I have a pandas data frame that consists of special/vanity numbers.

numbers = [539249751,530246444,539246655,539209759,538849098]
  
# Create the pandas DataFrame with column name is provided explicitly
vanity_class= pd.DataFrame(numbers, columns=['MNM_MOBILE_NUMBER'])

I would like to add a column to classify each number based on its pattern using regex.

I have written a function that iterates through the column MNM_MOBILE_NUMBER. Identifies the pattern of each number using regex.

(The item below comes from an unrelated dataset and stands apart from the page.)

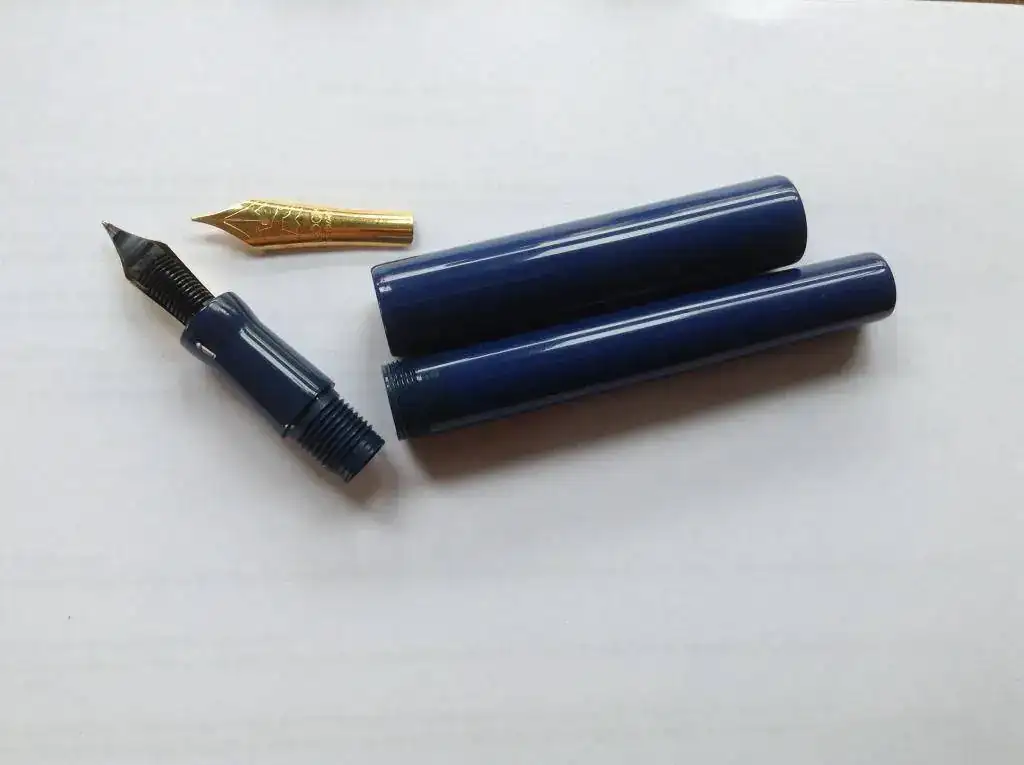 La pluma está como nueva, mide 14 cm cerrada y ahora monta un plumín de Parker Duofold Centennial de segunda generación en punto M. Es un plumín de oro de 18 k. Envío también el plumín original Bock de acero punto M que no usé. Cambiar uno por otro es sencillo.

Then, creates a new column MNC_New_Class with the relevant classification.

def vanity_def(vanity_class):
    if vanity_class.MNM_MOBILE_NUMBER.astype(str).str.match(r'^5(\d)\1{7}') | \
            vanity_class.MNM_MOBILE_NUMBER.astype(str).str.match(r'^5(?!(\d)\1)\d(\d)\2{6}$') | \
            vanity_class.MNM_MOBILE_NUMBER.astype(str).str.match(r'.{2}(?!(\d)\1)\d(\d)\2{5}$') | \
            vanity_class.MNM_MOBILE_NUMBER.astype(str).str.match(r'^\d*(\d)(\d)(?:\1\2){3}\d*$') | \
            vanity_class.MNM_MOBILE_NUMBER.astype(str).str.match(r'^5((\d)\2{3})((\d)\4{3})$') | \
            vanity_class.MNM_MOBILE_NUMBER.astype(str).str.match(r'.{3}(1234567$)'):
        vanity_class['MNC_New_Class'] = 'Diamond'
    elif vanity_class.MNM_MOBILE_NUMBER.astype(str).str.match(r'.{3}(?!(\d)\1)\d(\d)\2{4}$') | \
             vanity_class.MNM_MOBILE_NUMBER.astype(str).str.match(r'^(?!(\d)\1)\d((\d)\3{6})(?!\3)\d$') | \
             vanity_class.MNM_MOBILE_NUMBER.astype(str).str.match(r'\d(\d)\1(\d)\2(\d)\3(\d)\4'):     
        vanity_class['MNC_New_Class'] = 'Gold'
    else:
        vanity_class['MNC_New_Class'] = 'Non Classified'

Then, I wrote this line of code to apply the function to the column.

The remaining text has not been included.